In the famous story in the Talmud (Shabbat 31a), Hillel summed up the entire Torah by saying that you should not do unto others what is hateful to you. Sinah – hatred and sinat chinam, baseless hatred, are the most destructive dynamics of the human heart. Despite the harshness of Egyptian bondage, there is no echo of hatred towards them in our tradition. Instead, at Seder we remove a drop of wine from the cup at the mention of the ten plagues and their abbreviations.  The true Jewish hero is the one who can turn his enemy into a friend (Avot DeRabbi Natan 23). Whether in society or in our families, the Jewish way is not to hate another.
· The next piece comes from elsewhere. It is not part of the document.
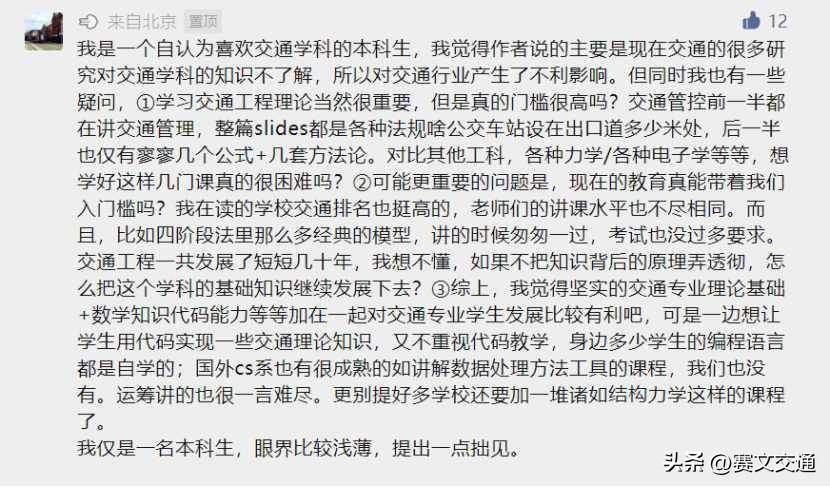 引起笔者关注的是一条来自一名交通专业本科学生的评论,他提出了自己作为交通工程本科学生对于学校教学内容的几点疑惑和思考,包括对交通工程理论门槛很高的不解,对目前学校教学是否能带着学生们进入交通门槛的质疑,对学科的基础知识是否应该被重视的思考,对交通工程专业核心授课内容应该是什么、是否需要具备编写代码能力等等的疑惑,值得整个行业反思。

There is no fixing, no mending, and no repairing through hatred.

 

When composing this sermon and reaching this point my mind wandered away from Richmond and the Civil War, away from our families and wondered if any of this is shared across the borders of Middle East. I wondered if someone might create parallel texts from the different traditions that echo the same teachings and preach it from every mosque and synagogue. I wonder if anyone is listening. Maybe. Just maybe. I hope. I pray.

 

 

 

Teshuvah:

To deal with the world and our wounds, our pain and anger, to repair the world and ourselves, Judaism proclaims the process of teshuvah. Uusually it is translated as repentance but I would like to translate it as either turning or returning to our pristine, pure innocent childlike origin. There are five steps: (1)hakarat ha-cheit – recognition of sin, (2)charatah – remorse for having done it, (3)azivat ha-cheit – stop doing it, (4) peirar'on –restitution when possible, and( 5) viduiy – confession. The list is simple. The process is not. It takes guts to admit what we have done and turn to another, to confess and ask forgiveness. I watch Menachem instructing Ariel, Moshe and Raya to ask each other when they have hurt the other when playing or taking the toy from the other. Even children for simple things realize its difficulty.  The highest form of teshuvah is that done from ahavah – from love and not from yirah, from fear. We should fix things and mend relationships because we love each other not because we are afraid of each other. We should heal broken hearts because we are motivated by love.  We need to fix our society by turning to each other, sincerely and openly, in love. According to Jewish law, the person to whom one has turned is obliged to forgive, to give mechilah and selichah, renounce the debt owed and forgive from the heart.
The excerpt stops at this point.